His aged wife was stripped by the savage soldiers, who
pulled off the gold rings from her fingers with their teeth, and she
died next day from grief and the brutal treatment she had received.
The two sons had had their suspicions aroused, but these had been
allayed by Glenlyon. However, an old servant woke them and told them
to flee for their lives as their father had been murdered, and as
they escaped they heard the shouts of the murderers, the firing of
muskets, the screams of the wounded, and the groans of the dying
rising from the village, and it was only their intimate knowledge of
the almost inaccessible cliffs that enabled them to escape. At the
house where Glenlyon lodged, he had nine men bound and shot like
felons.
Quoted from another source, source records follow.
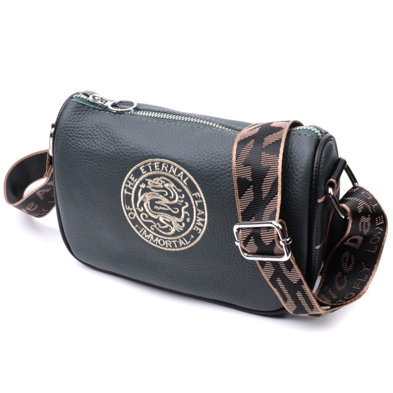 Модная женская сумка с вышивкой на лицевой стороне из натуральной кожи Vintage Темно-зеленая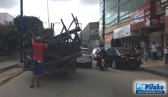 Na tarde de ontem (20), por exemplo, nossas lentes registraram mais uma vez que as carroças carregando bancos de madeiras continuam trafegando, em pleno horário de “vuco-vuco” do comércio, no sentido contrário na única via disponível – pelo centro da cidade – que liga o bairro da Matriz ao Centro Comercial e o Livramento. Veja o vídeo: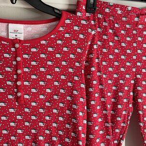 Vineyard Vines Holiday Santa Whales Long Pajama Sleep SET Size M Red Cotton PJs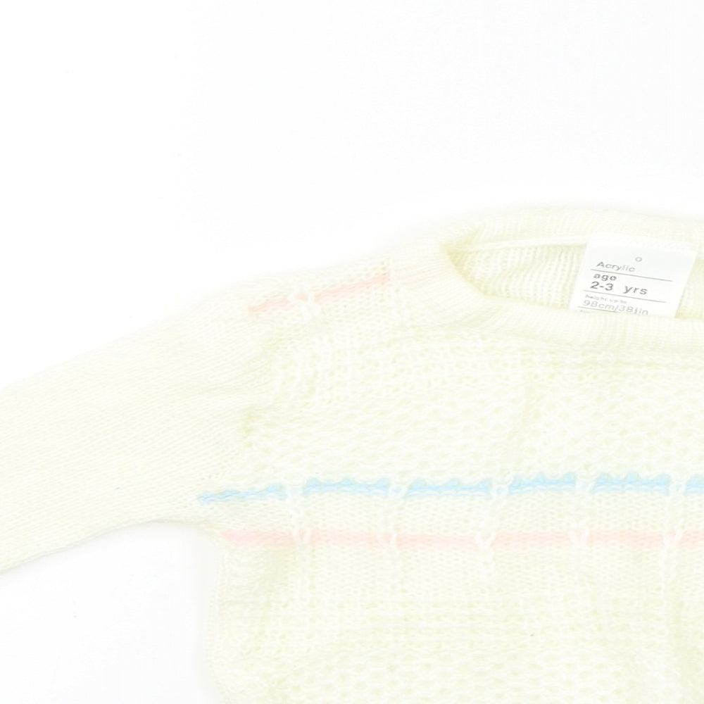 Nutmeg Girls Ivory Fuzzy Pullover Jumper 2-3 Years Pink Flamingo Winter Knit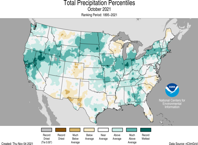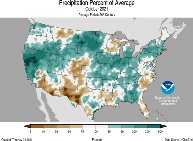 The Climate Prediction Center’s 6 – 10-day outlook (valid November 16– 19) favors an active storm track across the northern tier of the Lower 48. This pattern would bring above-normal rainfall to the Pacific Northwest eastward to the Upper Midwest. Below-normal precipitation is likely across the southern tier of the Lower 48, with the greatest odds (more than 50%) over parts of the Southwest, the Southeast, and Alaska. The highest odds for above-normal temperatures occur in the Southwest (greater than 70%). Odds of above-normal temperatures decrease moving northward. The highest odds for below-normal temperatures occur in the Southeast (greater than 60%). Odds of below-normal temperatures decrease across the South and Midwest.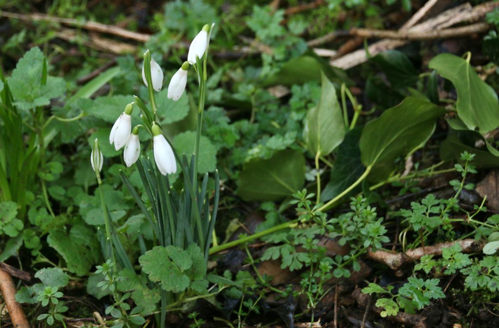 Crossing the recreation ground we eventually get the old village, originally a cluster of terraced quarry-workers houses huddled around what was then the quarry entrance. Now this road is a quiet cul-de-sac, the terraced houses supplemented by larger houses of various ages. At the end of the road we pass the pub, my local, and then the village church, where we turn to follow the track along the lane back home. At last, I see what has been reported elsewhere for a week or so – wild snowdrops, the first true sign that spring is on the horizon.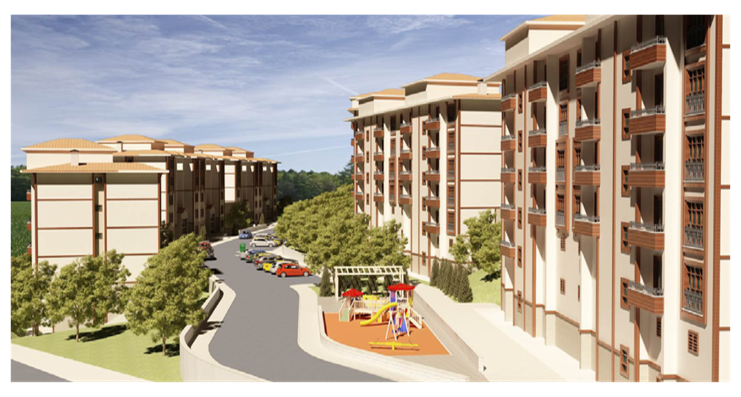 Söz konusu proje kapsamında ihale yapıldı. İhale kapsamında 161 konutun yanı sıra altyapı ve çevre düzenlemesi de hayata geçirilecek.

A fine youth of twenty years of age was spared for a time,
but one, Captain Drummond, ordered him to be put to death; and a boy
of five or six, who had clung to Glenlyon's knees entreating for
mercy and offering to become his servant for life if he would spare
him, and who had moved Glenlyon to pity, was stabbed by Drummond with
a dirk while he was in the agony of supplication. Barber, a
sergeant, with some soldiers, fired on a group of nine MacDonalds
who were round their morning fire, and killed four of them, and one
of them, who escaped into a house, expressed a wish to die in the
open air rather than inside the house, "For your bread, which I have
eaten," said Barber, "I will grant the request.